Milk toast is just what it sounds like -- toast with milk on it. In the 1800s and into the mid-1900s milk toast was a popular food for the ill and infirm. It was what you gave to a child with a cold, someone with an upset stomach, or your old great-uncle Edwin who was going to kick off any moment now. It was supposed to be easy on the digestive tract, and comfort food to boot.

These days we don't hear much about milk toast, probably due to the fact that store-bought bread makes a rather unpleasant goo when soaked with milk. But if you would like to try this traditional dish with some homemade bread, here's how you do it.

Tem42's Milk Toast Recipe:

  • Toast some bread.
  • Spread butter on the toast.
  • Sprinkle with sugar and cinnamon.
  • Warm some milk in a small bowl.
  • Dip toast into milk, and enjoy.


Or, if you prefer, here's a somewhat more traditional recipe, for the ailing:

M.F.K. Fisher's Milk Toast Recipe:
MILK TOAST for the Ill, Weak, Old, Very Young, or Weary.
From An Alphabet for Gourmets, 1949.

Ingredients:

  • 1 pint milk, part cream if the person is not forbidden that.
  • 4 slices good bread, preferably homemade.
  • Sweet butter, if butter is allowed.
  • Salt, pepper, if not a child or very ill.

Procedure:
Heat the milk to the simmering point. Meanwhile have ready 4 freshly toasted slices of bread. Butter them generously. Heat a pretty bowl, deeper than it is wide. Break the hot buttered toast into it, pour the steaming but not boiling milk over it, sprinkle a very little salt and pepper on the top, and serve at once.

These days the 'sugar and spices' variety of milk toast is much more common than the salt and pepper sort. It is still common to break the bread into the milk, and soak it thoroughly (Tem42 does not really like this method. It gets all sludgy).
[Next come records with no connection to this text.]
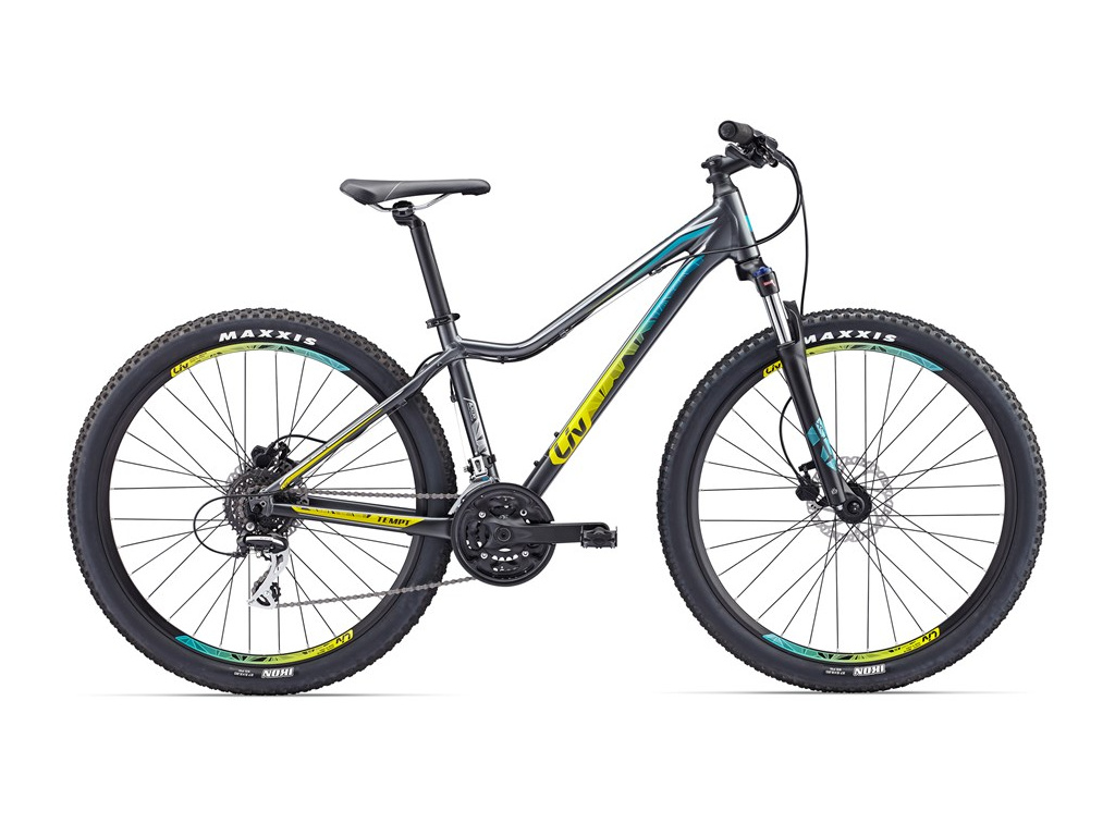 Dámsky bicykel Giant Tempt je ideálnou voľbou pre športovo založené cyklistky. Model Tempt 27.5 je určený na pohodovú jazdu pre zábavu alebo udržiavanie kondície, ale zvládne aj ľahší cyklomaratón. Ľahký rám AluxX ponúka príjemne ženskú geometriu pre pohodlnú jazdnú pozíciu a 27,5" kolesá kombinujú najlepšie vlastnosti 26" a 29" veľkosti. Čo sa týka výbavy, o nerovnosti a terén sa postará odpružená vidlica so zdvihom 100 mm a v náročnejších pasážach oceníte spoľahlivé kotúčové brzdy.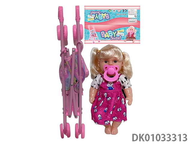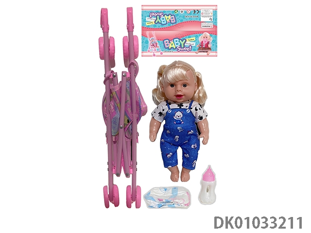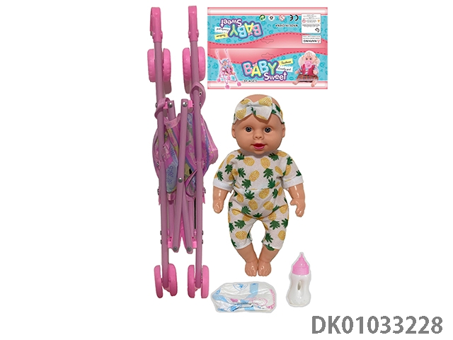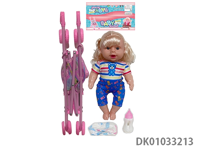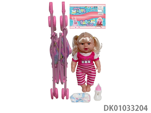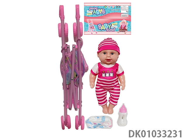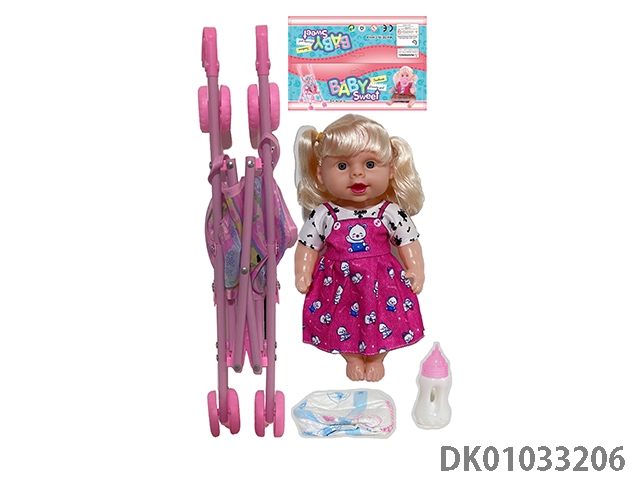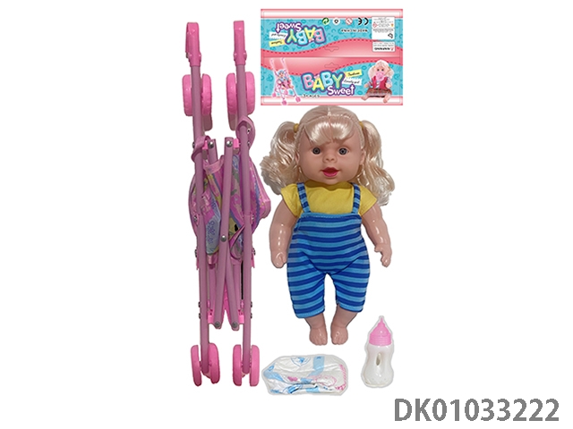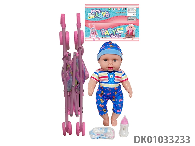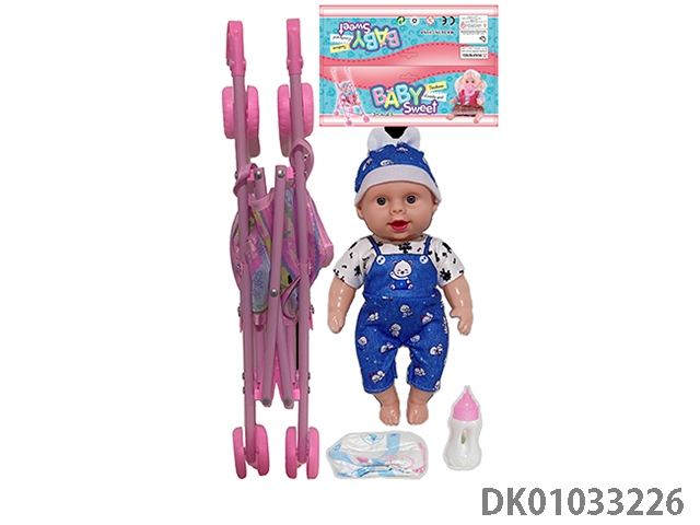Bagged 12 “empty body, bent feet (eye piece), drinking water, urinating, male baby with cart, bottle and diaper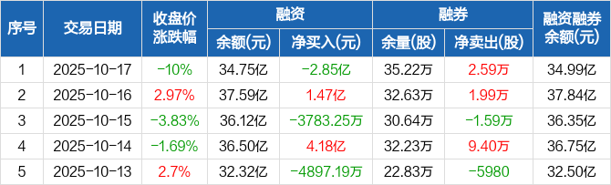 英维克:融资净偿还2.85亿元,两市排名第11(10-17)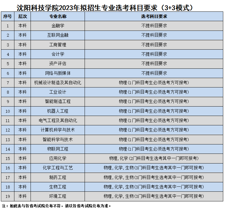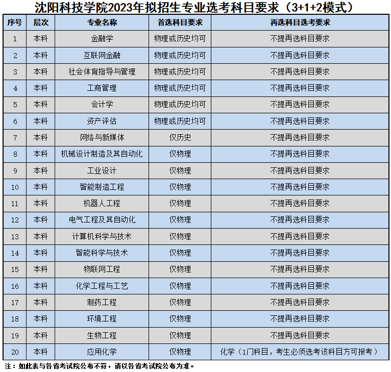 2023年拟招生专业选考科目要求

These days, milk toast also has a (very minor) place in our cultural and literary milieu in that it gave rise to H.T. Webster's cartoon character Caspar Milquetoast, who in turn gave rise to the word milquetoast. As milk toast is a mild and rather gooey food, a milquetoast person is a rather mild and spineless. Milksop also has the same meanings, in both the culinary and psychological senses.